Personal information
- Born: 5 January 1998 (age 28) Ipoh, Perak, Malaysia
- Years active: 2014–present
- Height: 1.80 m (5 ft 11 in)

Sport
- Country: Malaysia
- Sport: Badminton
- Handedness: Right
- Coached by: Nova Widianto

Mixed doubles
- Highest ranking: 3 (with Toh Ee Wei, 14 January 2025) 21 (with Peck Yen Wei, 8 November 2022)
- Current ranking: 8 (with Toh Ee Wei, 8 September 2026)
- BWF profile

Medal record
Men's badminton
Representing Malaysia
World Championships
| Gold medal – first place | 2025 Paris | Mixed doubles |
Sudirman Cup
| Bronze medal – third place | 2021 Vantaa | Mixed team |
| Bronze medal – third place | 2023 Suzhou | Mixed team |
SEA Games
| Gold medal – first place | 2021 Vietnam | Mixed doubles |
| Silver medal – second place | 2021 Vietnam | Men's team |
| Silver medal – second place | 2025 Thailand | Men's team |
| Bronze medal – third place | 2025 Thailand | Mixed doubles |
World Junior Championships
| Silver medal – second place | 2016 Bilbao | Mixed team |
| Bronze medal – third place | 2016 Bilbao | Mixed doubles |

= Chen Tang Jie =

Malaysian badminton player

Chen Tang Jie (陳堂傑 (陈堂杰, Chén Tángjié); born 5 January 1998) is a Malaysian badminton player.
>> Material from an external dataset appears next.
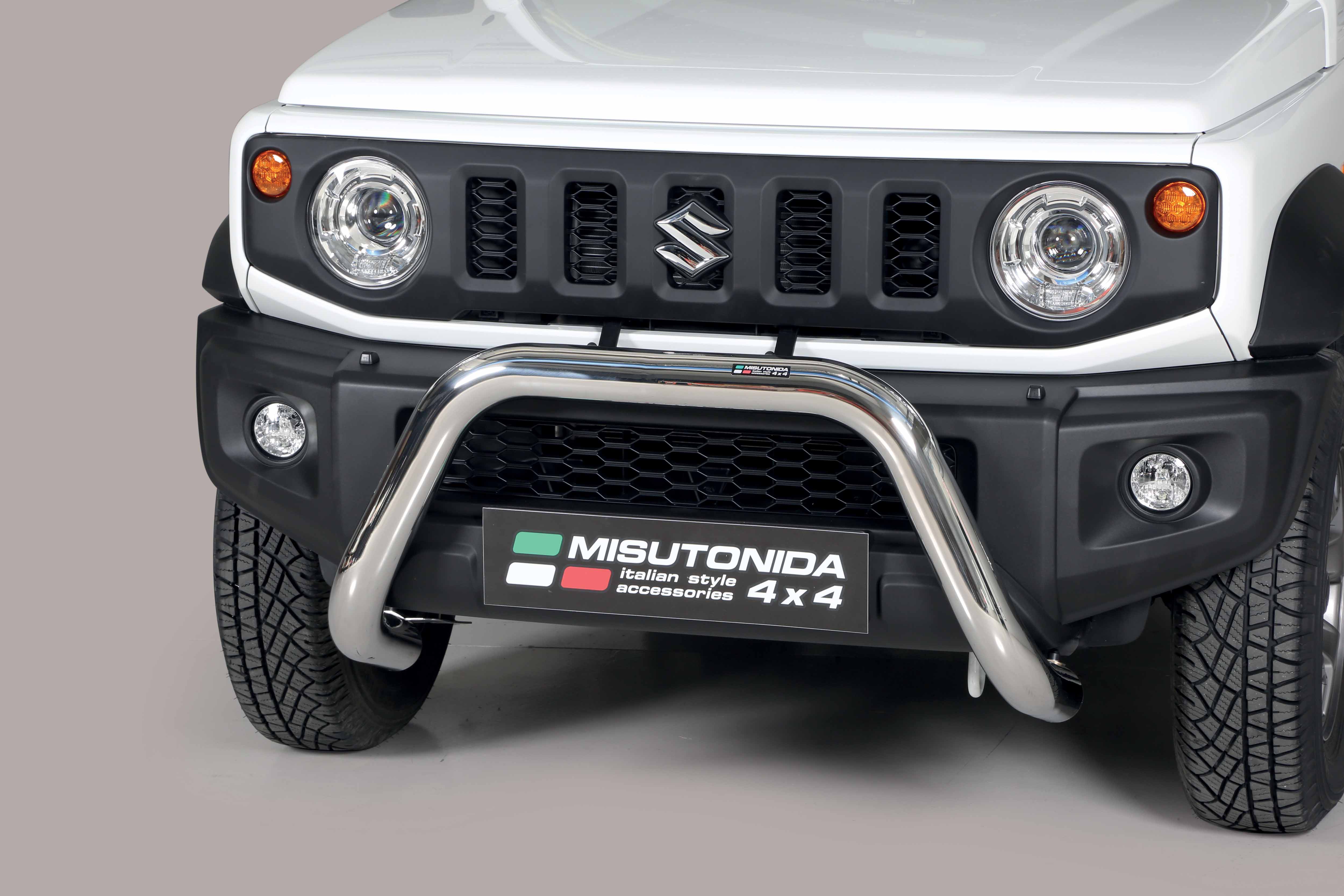 Defensa delantera inox SUZUKI Jimny 2018> ø 76 Homologada - EC BAR El tiempo de entrega del material puede ser de 7-9 dias Misutonida 4x4 es una empresa italiana que desde hace más de 25 años produce y vende accesorios para Off-Road y S.U.V.
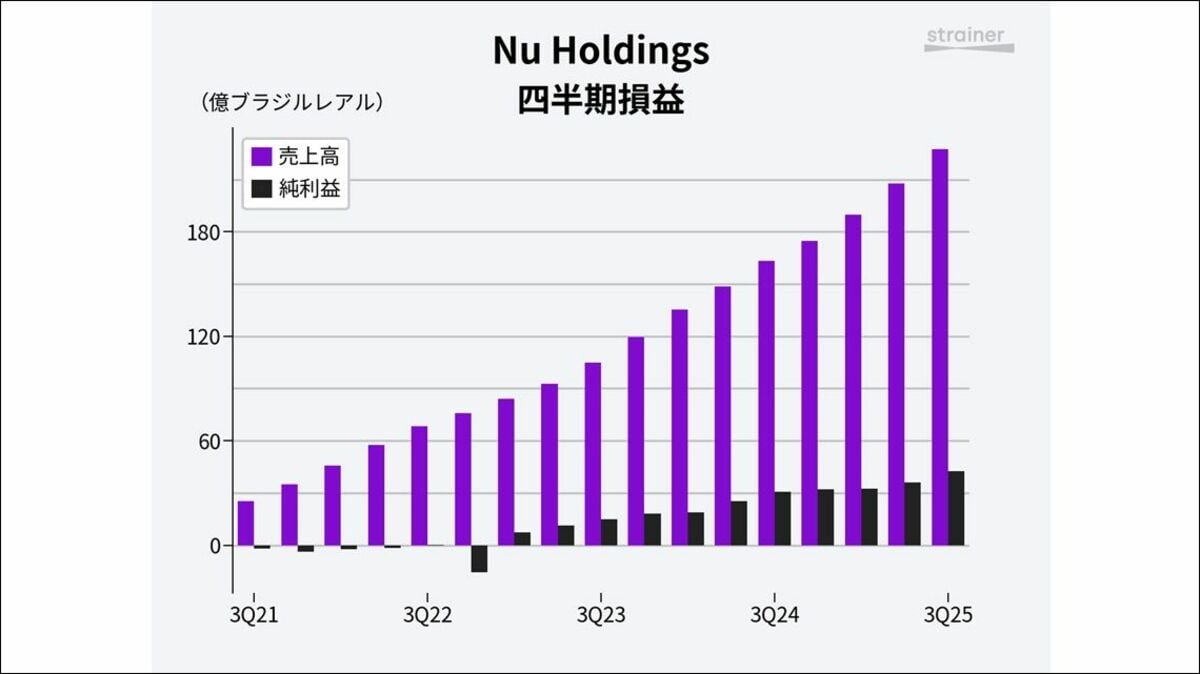中南米最大のデジタルバンクであるNu Holdingsが11月13日、2025年7〜9月期決算を発表しました。売上高は42億ドル(前年比42%増)に加速し、純利益は7.8億ドル(同41%増)へと拡大。いずれも過去最高を更新しています。

A world champion, he and his partner Toh Ee Wei won the mixed doubles title at the 2025 World Championships. He and Toh became the first ever world badminton champions in mixed doubles and the second ever world badminton champions from Malaysia after Aaron Chia and Soh Wooi Yik. He was part of the Malaysian 2016 Asian Junior Championships and 2016 BWF World Junior Championships team, and helped Malaysia to clinch a silver medal in the World Junior mixed team before being defeated by China.

== Career ==
Chen was selected into the Malaysian squad for 2016 World Junior Championships. Before that, he had shown his commitment on the court by reaching quarter-finals of the Asian Junior Championships with Pearly Tan in July 2016. They were just paired up few weeks before the tournament and was defeated by the Korean pair Kim Won-ho and Lee Yu-rim (defeated 17–21, 16–21). At the World Junior Championships, Chen took part in both men's and mixed doubles, where he partnered with Man Wei Chong and Toh Ee Wei respectively. He showed his potential by finishing with a bronze medal in the mixed doubles with Toh before the duo were beaten by the Chinese pair He Jiting and Du Yue in straight games.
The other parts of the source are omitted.